FILE - In this Sept. 10, 2014 file photo, detained immigrant children line up in the cafeteria at the Karnes County Residential Center, a temporary home for immigrant women and children detained at the border, in Karnes City, Texas.
FILE - In this Sept. 10, 2014 file photo, detained immigrant children line up in the cafeteria at the Karnes County Residential Center, a temporary home for immigrant women and children detained at the border, in Karnes City, Texas.

A U.S. federal judge has ordered the government to promptly release undocumented immigrant children and their mothers being held in family detention centers.

Judge Dolly Gee's ruling in Los Angeles late Friday upheld the ruling she delivered last month that families who are being held at the sites are being detained in violation of a 1997 class-action settlement that set legal parameters for the housing of children who are in the country illegally.

Gee gave the government until October 25 to release the children and, in some cases, their mothers without "unnecessary delay."

The Los Angeles Times says the U.S. is holding an estimated 1,400 children and parents in three facilities; two in Texas and one in Pennsylvania.
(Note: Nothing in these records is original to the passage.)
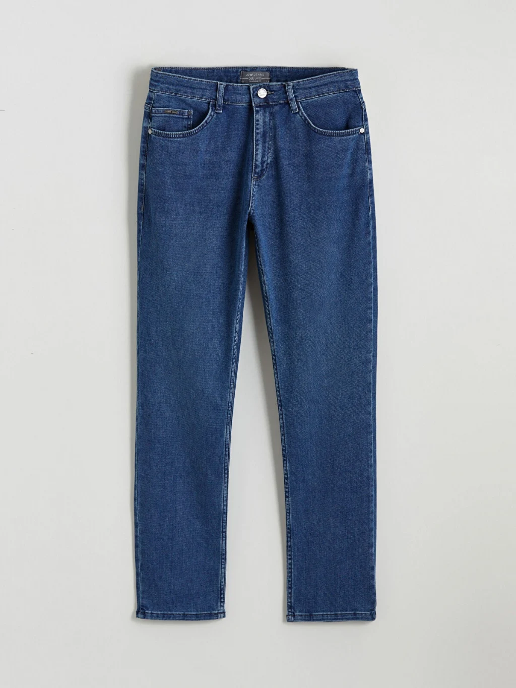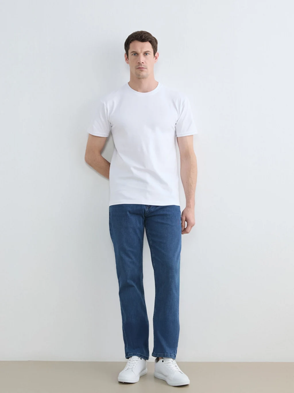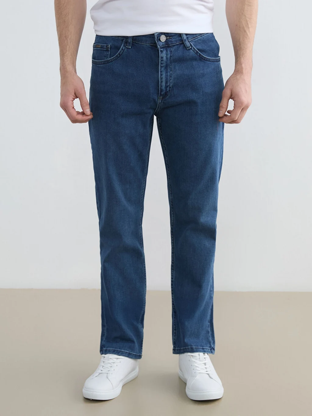 Beş cepli tasarıma sahip, fermuar ve düğme kapamalı erkek jean pantolon, %100 Pamuk kumaştan üretilmiştir.
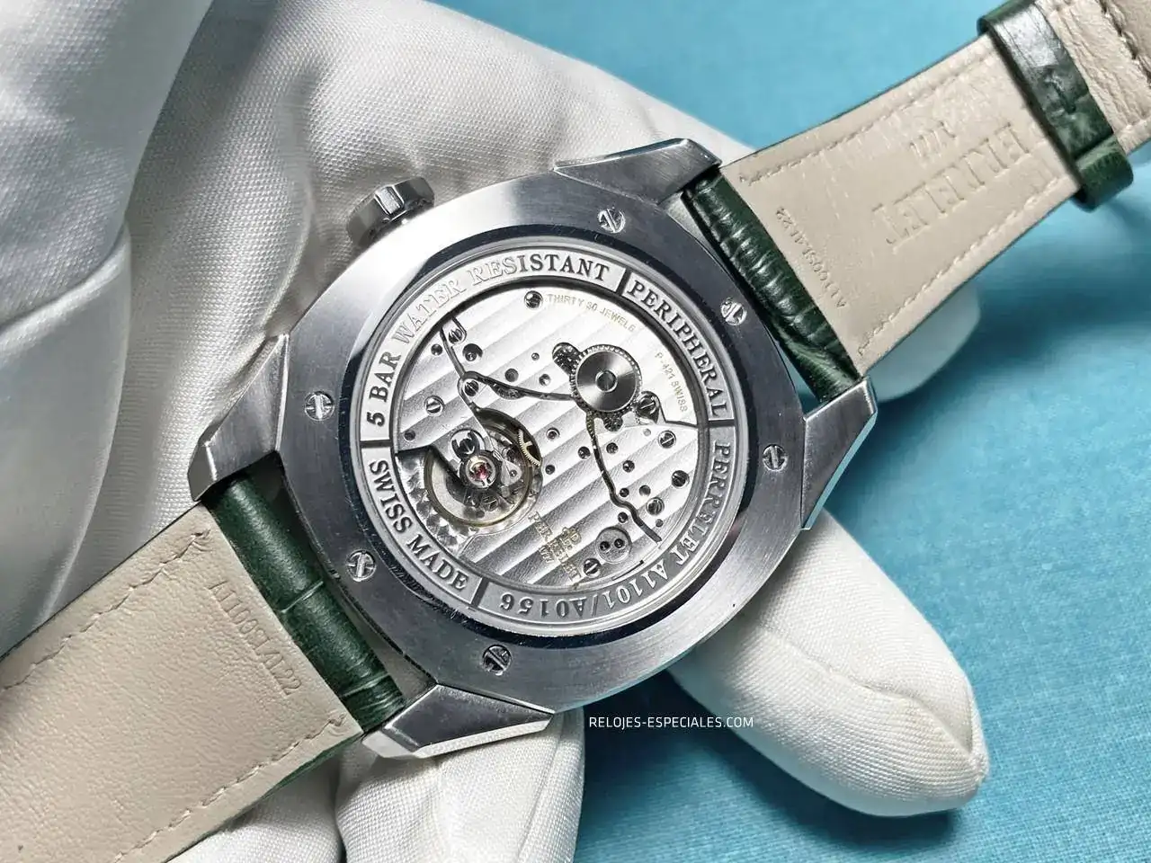El fondo, fijado con seis tornillos, es "casi" completamente plano (calculo que un milímetro y medio) y permite ver a través de su cristal el calibre P-421, que es una modificación del P-411 al que se le han añadido las complicaciones del segundo huso y la gran fecha. Teniendo como tiene la masa oscilate por la parte de la esfera, el efecto que produce es el de un calibre de carga manual. Además, que los puentes sean tan grandes y sólo dejen al descubierto el volante le da aspecto de macizo que haría pensar en robustez. Decorado con "Cotes de Geneve", se puede ver el perlado detrás del volante. Hay en todo su perímetro un anillo donde se inscriben datos del reloj: el modelo, la resistencia al agua (50 metros, un tanto insuficiente en mi opinión) y el Swiss Made.
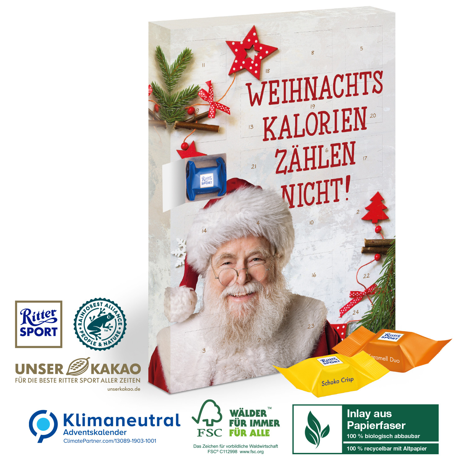 Adventskalender mit Ritter SPORT Schokowürfel, Klimaneutral, FSC®, Inlay aus Papierfaser
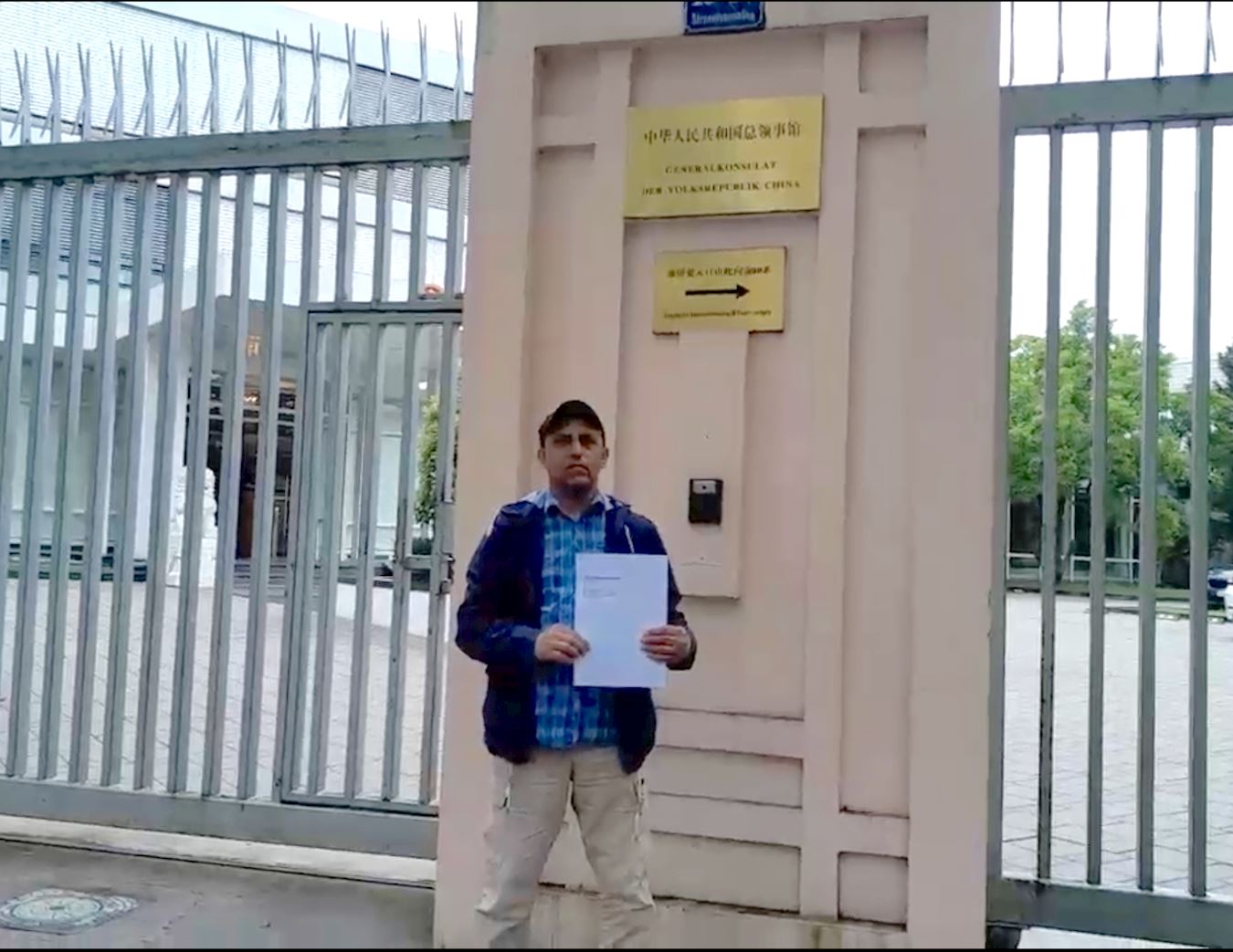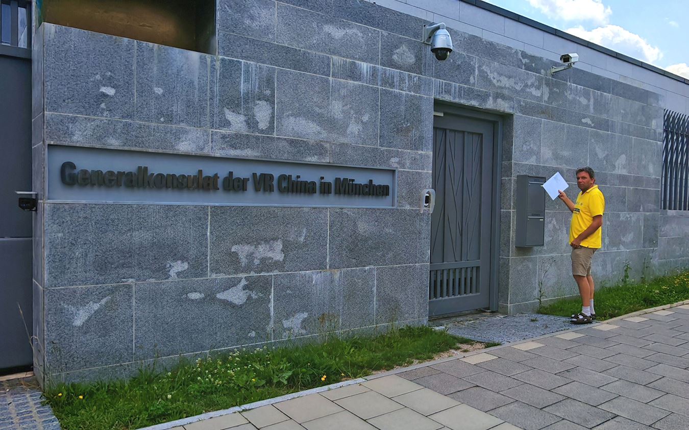 ![]() 图3:七月二十五日,法轮功学员宣读了致中共驻慕尼黑总领事童德发的公开信,之后把信函投入了中领馆的信箱。 |

That arrangement is in violation of the settlement that said juveniles under the age of 18 cannot be held for more than 72 hours unless they are a significant flight risk or are a safety risk to themselves or others.

Detention conditions

Gee described the conditions at the detention sites as "deplorable", saying they fail to meet "even the minimal standard" for safe and sanitary conditions.

Judge Gee rejected the U.S. contention that it had to alter terms of the settlement to deter the massive wave of illegal immigrant children from Central America who poured across the U.S. border last year.

The U.S. is expected to appeal Gee's ruling.

Peter Schey, president of the Center for Human Rights and Constitutional Law, told The Los Angeles Times the judge's ruling helps to protect immigrant children "from lengthy and entirely senseless detention by the Department of Homeland Security in unsafe adult lockdown facilities run by private corporations raking in millions of dollars in profits."

Schey told the newspaper that Homeland Security's detention policy, over the past year, "has caused thousands of innocent children to needlessly suffer severe psychological and often physical harm."

The focus on immigrant detention policies comes at a time where there has been much talk in the media as Republican presidential hopefuls discuss their often controversial immigration ideas. Donald Trump has labeled Mexican undocumented immigrants as "criminals" and "rapists."